Arrangements of illumination modules, such as those shown in FIG. 7A
B may find use in lighting applications, for example, automobile headlights. Some considerations for LED-based automobile headlights suggest the use of a number of different overlapping illumination beams in a headlight to achieve a desirable overall illumination effect. The different beams are typically obtained from different sub-units containing multiple illumination modules. In one particular exemplary embodiment, a headlight has four different sub-units that produce four different illumination beams, whose characteristics are summarized in Table I.
|TABLE I |
|Summary of Beam Characteristics for Sample Headlight |
| ||Beam No. ||vertical div. ||horizontal div. ||brightness (L) |
| || |
| ||1 ||±2° || ±5° ||300 |
| ||2 ||±5° ||±35° ||800 |
| ||3 ||±3° ||±12° ||800 |
| ||4 ||±5° ||±50° ||400 |
| || |
- EXAMPLE 1
For each beam listed in Table I, values are provided for the full-width, half-maximum (FWHM) vertical and horizontal divergences, and the beam brightness in lumens. Beam 1 is a bright spot beam, with a relatively small divergence, that illuminates the center field of view. Beam 2 is a wide angle, bright beam, while Beam 3 is a mid-divergence, bright beam. Beam 4 gives wide angle, relatively near-field coverage, and is particularly useful when the vehicle is turning a corner. Not all the illumination modules of beam 4 need be used simultaneously. For example, those illumination modules that point to the left may be operated when the vehicle turns to the left and those modules that point to the right may be used when the vehicle turns to the right. Furthermore, the angle through which the vehicle is turned may control which particular illumination modules are operated. In some exemplary embodiments, some or all of the illumination modules in the sub-unit may be physically turned in the direction in which the vehicle is turning. The following two examples illustrate details for the sub-units used for producing beams 1 and 2. In both examples, the LED used in the illumination modules was assumed to be a Luxeon LXHL-PW09 type white-light emitting LED, produced by Lumileds Lighting LLC, San Jose, Calif. This LED produces 80 lumens of white light, having a Lambertian radiation pattern, from an emitting surface 0.95 mm×0.95 mm.

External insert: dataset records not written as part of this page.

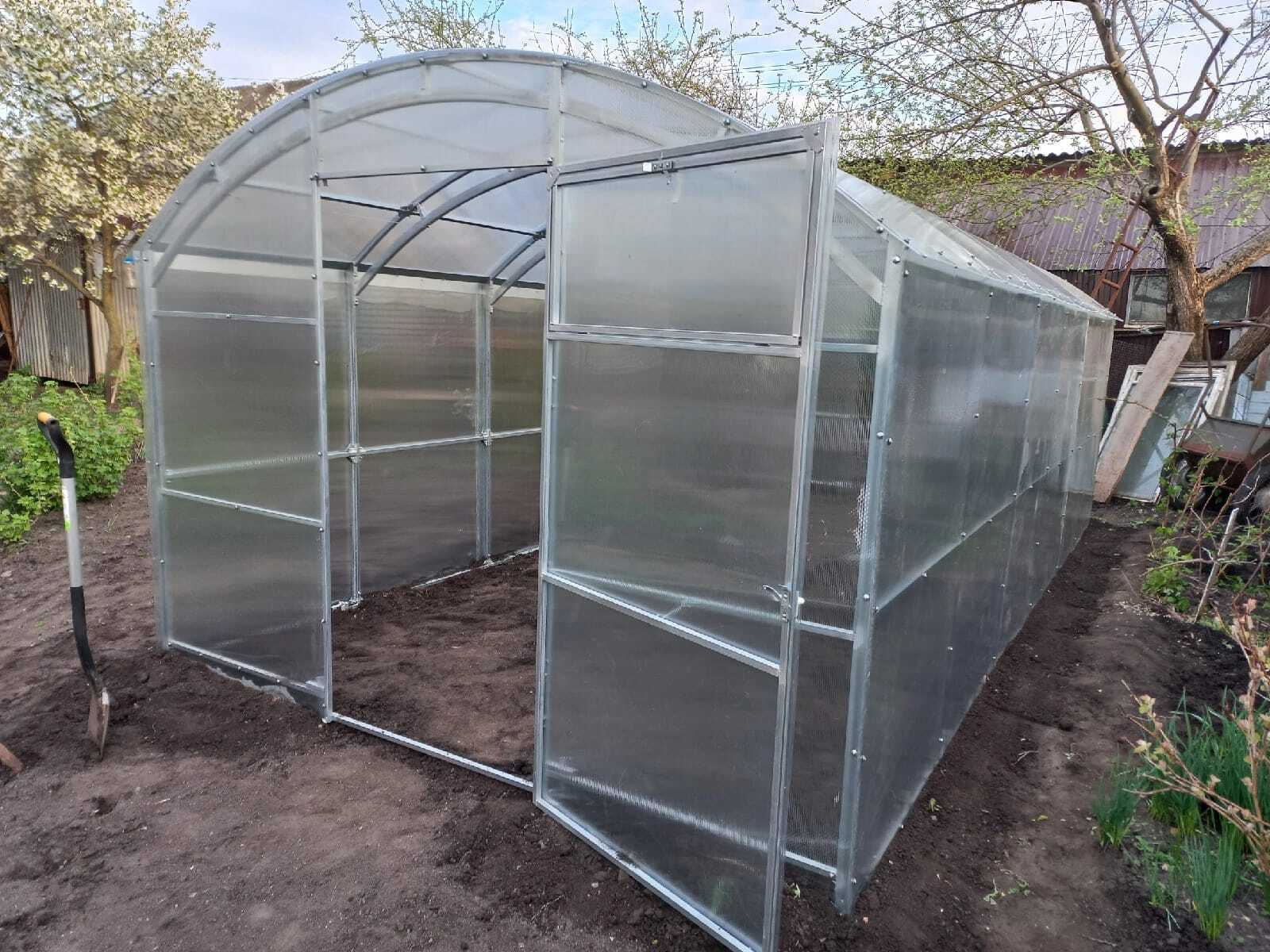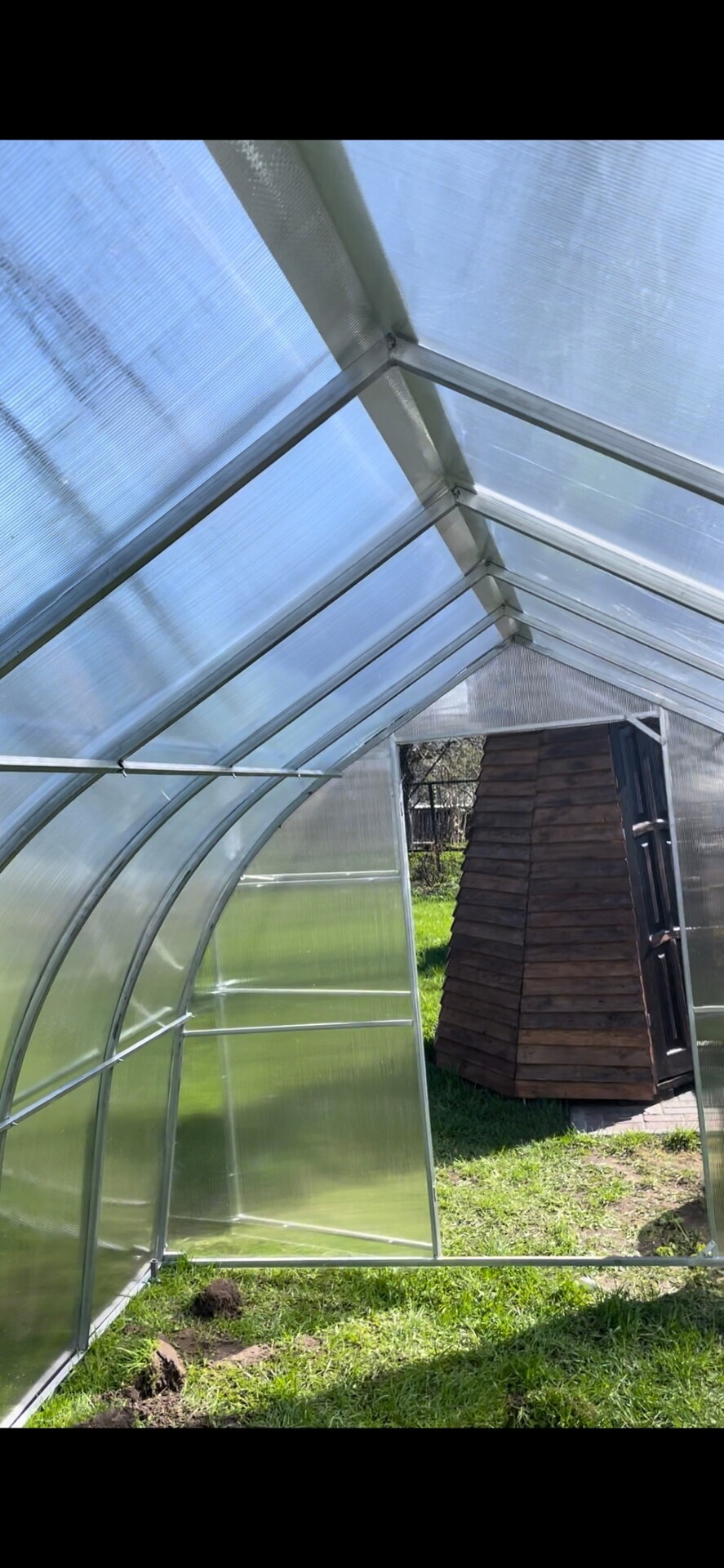 Хорошая теплица, размером 6 на 3 метра, каркас - оцинкованная труба, да и вообще все металлические части покрыты цинком для долговечности.
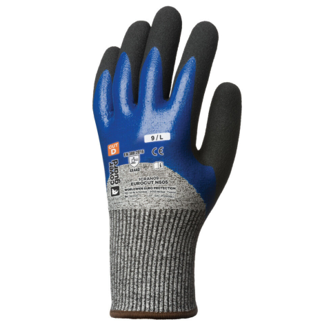 EUROCUT 5 VÁGÁSBIZTOS, 3/4 HÁT KÉK NITRIL + CSB RÉTEG_11 * 13-as kötésű, szürke, varrásmentes, vágásbiztos, HPPE, polianid és elasztán alapanyagú védőkesztyű * ökölcsontig kék sima nitril mártás + a tenyerén fekete speciális Sandy csúszásbiztos nitri
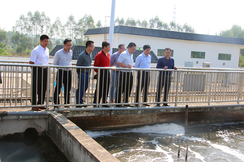 经开区党工委书记、管委会主任何尚汉一行查看吴圩污水处理厂运行情况
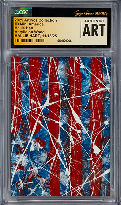 This ArtPics card features original artwork by Hallie Hart, titled #9 Mini America. Each piece is a one-of-a-kind art card, authenticated, date-stamped, and encapsulated in a UV protected tamper-proof holder. Each card has a unique NFC chip attached where the card has been minted on the blockchain for additional security purposes and as the Official Certificate of Authenticity.
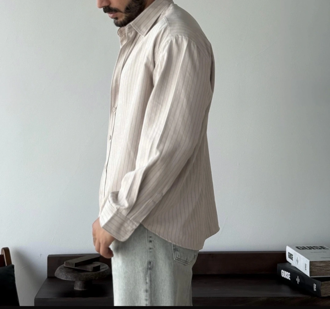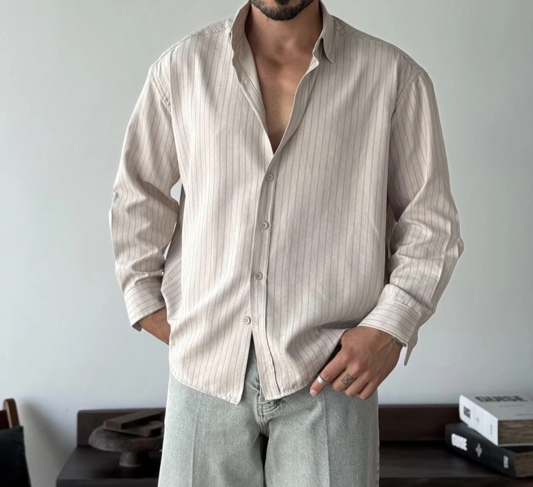 Marco Çizgili Modal Bej Gömlek
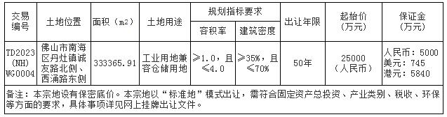 八、自本次公告起至网上挂牌截止期间,如有关于本宗地竞买文件的修改、澄清、说明等将通过网上交易系统以及佛山市南海区人民政府网发布,请有意参与竞买者密切留意。其它未尽事宜,详见本宗地的网上挂牌出让文件。
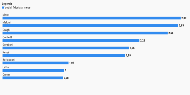 Con Meloni più questioni di fiducia rispetto ai governi Draghi e Conte II
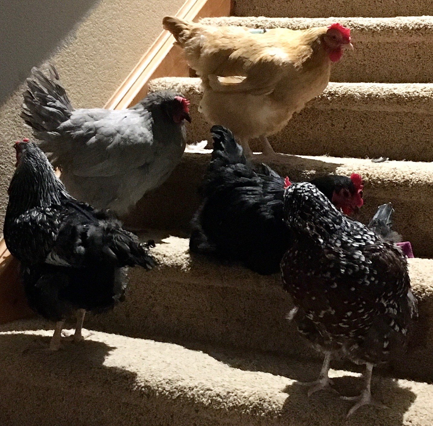 The reasons for having house chickens seem to run the gamut as well. Some birds are low in the pecking order and get bullied; some came into the house during quarantine or illness and never returned to a flock, while others have a disability like blindness or mobility issues. Sometimes the owners themselves have physical limitations so keeping a small number of chickens indoors as pets is easier than maintaining an outdoor coop.
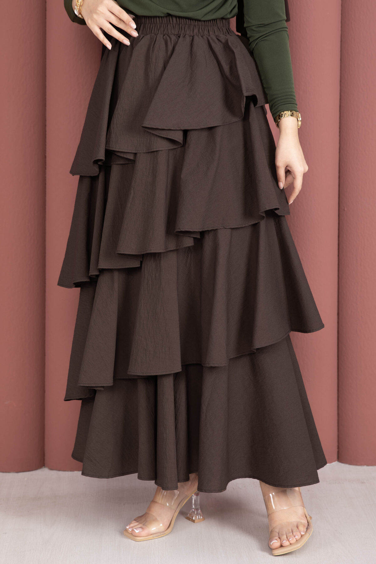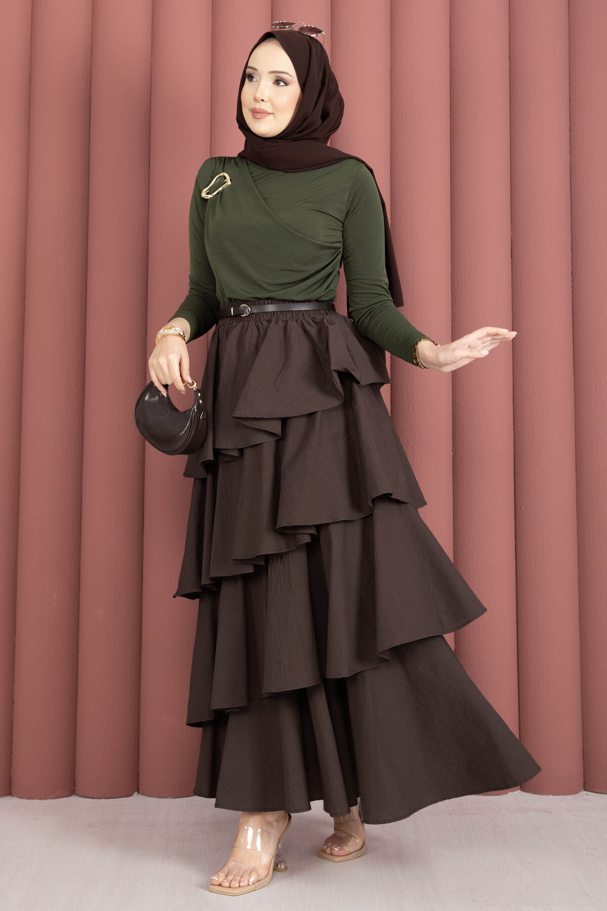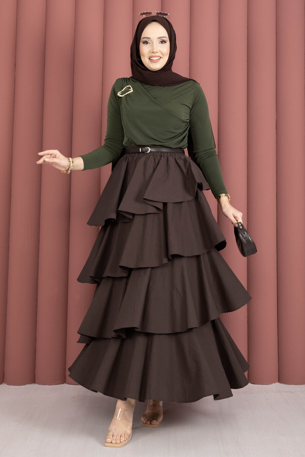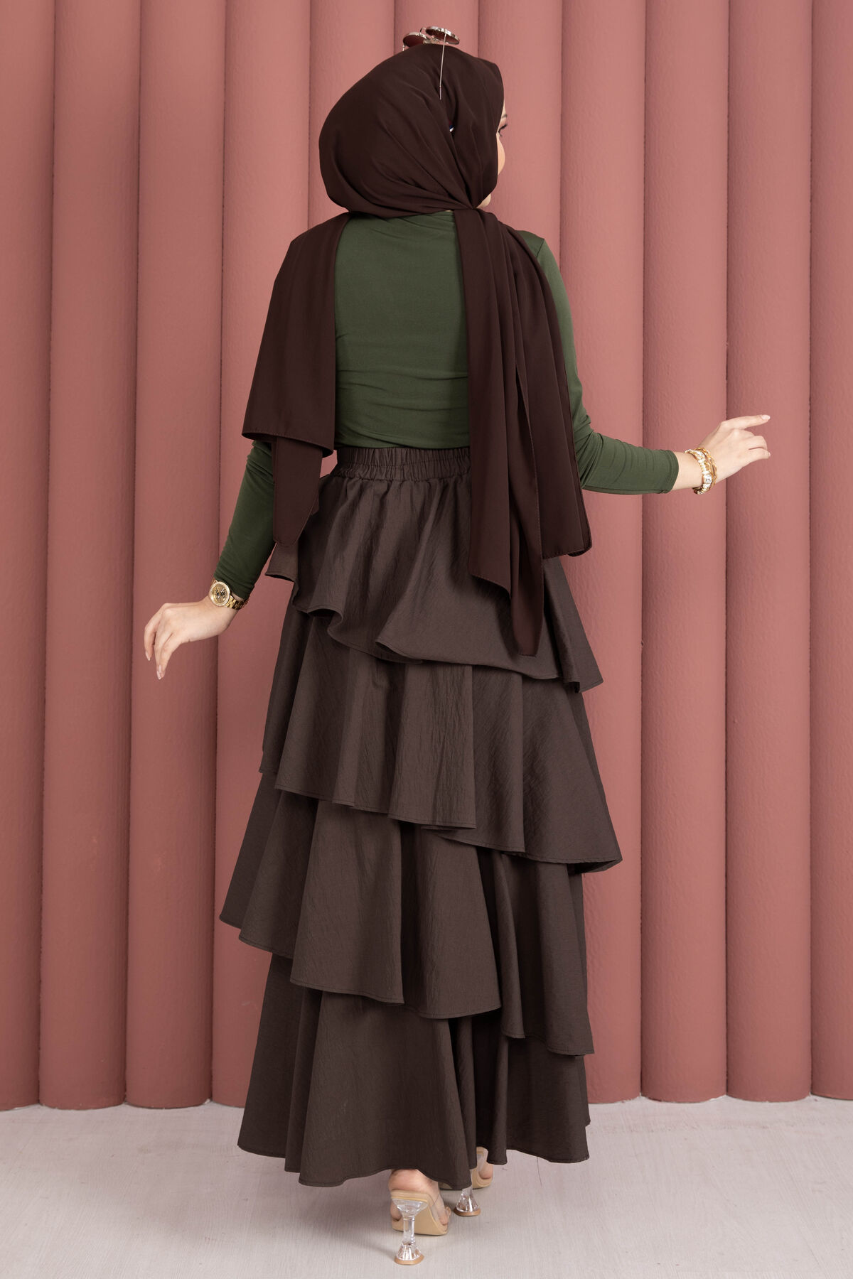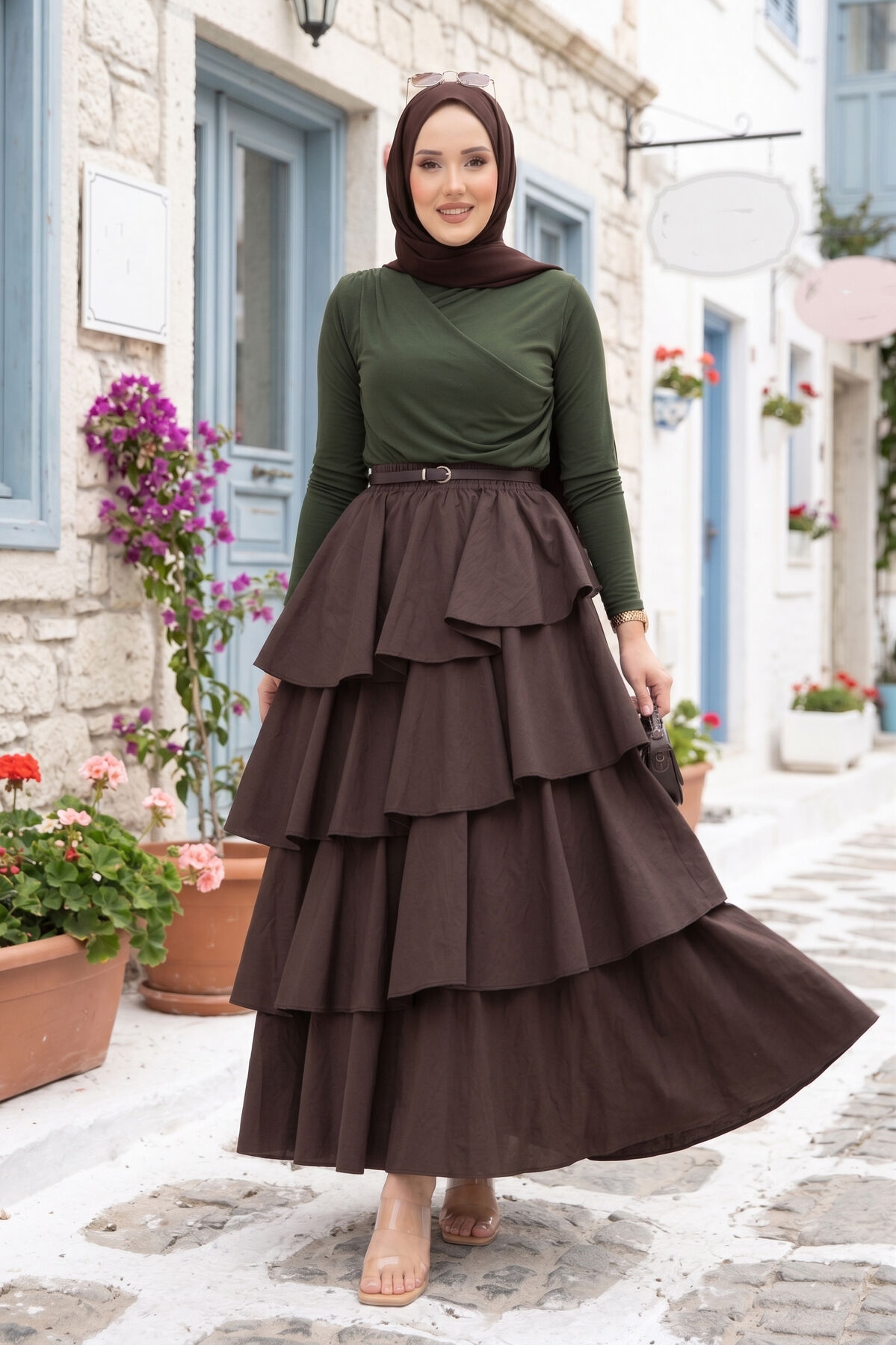 Hafif ve akışkan yapısıyla öne çıkan Kat Kat Volanlı Etek, modern ve feminen duruşu ile günlük kombinlerden özel anlara kadar rahatlıkla tercih edilebilir. Kat kat volan detayları eteğe hareketli ve şık bir görünüm kazandırırken, modal kumaşın yumuşak dokusu gün boyu konfor sağlar. Beli lastikli yapısı sayesinde vücuda kolayca uyum sağlar ve rahat bir kullanım sunar.
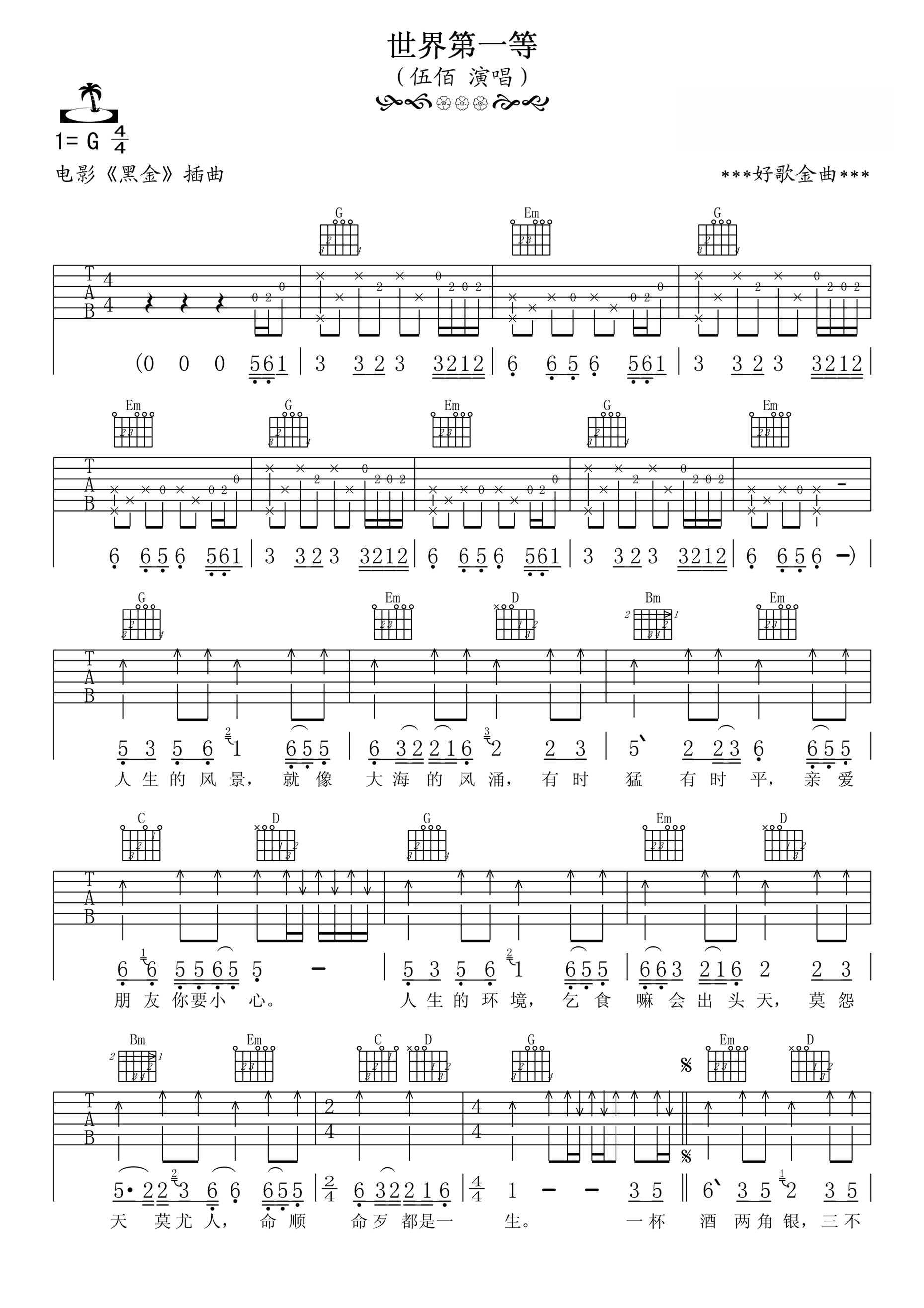 吉他伍佰《世界第一等》吉他谱_吉他弹唱谱_盘古开天地编配

An exemplary embodiment of an illumination module 800 used in a sub-unit to generate beam 1 is schematically illustrated in FIG. 8A. The module 800 includes an LED 802, a paraboloidal reflector 804, and an output surface 806. The paraboloidal reflector 804 has a value of R=10 mm, a depth, d=36 mm and the output surface is square with a height and width, h and w, equal to 24 mm. The output surface 806 of the module 800 is flat. The desired angular aperture from the sub-unit is ±2° vertically and ±5° horizontally. Accordingly, the amount of light, P, generated by a single illumination module into this angular aperture can be calculated as:
P=P o ×CE×L1×L2 (1)
where P0 is the amount of light output from the LED, CE is the geometrical light collection efficiency, L1 is reflectivity of the reflector and L2 is the transmission through the output surface of the module. The value of CE, for this particular angular aperture can be calculated to be 42.1%. The value of L1, the reflectivity of the reflector is assumed to be 0.99. If the output surface of the module is uncoated, then there is a Fresnel reflection loss at the output surface, and so L2 is assumed to be 0.96. Thus, the value of P for a single illumination module may be calculated using equation (1) to be 32 Lumens. Thus, a sub-unit 820, schematically illustrated in FIG. 8B, having 10 such modules 800, produces an output of 320 Lumens into the desired angular aperture. This satisfies the requirements for beam 1.
- EXAMPLE 2
The calculated output from the sub-unit 820 is presented in FIG. 8C, which shows the output over an angular aperture of ±5° by ±5°. In the particular example described here, the LEDs were assumed to be displaced from the focus of their respective paraboloidal reflectors by 200 μm towards the apex of the paraboloid. This displacement has the effect of reducing the amount of light that is directed in the upward direction, hence the upper portion of FIG. 8C is relatively dark. This effect may be useful in vehicle headlight systems, since the light is directed less into the sky and more towards the road. The effect is even more pronounced when the LEDs were assumed to be displaced 400 μm from the focus towards the apex of the paraboloid, as shown in FIG. 8D. FIG. 8E shows the calculated illumination into an angular aperture of ±2° by ±5°, where the LEDs were assumed to be displaced from the respective foci by 400 μm.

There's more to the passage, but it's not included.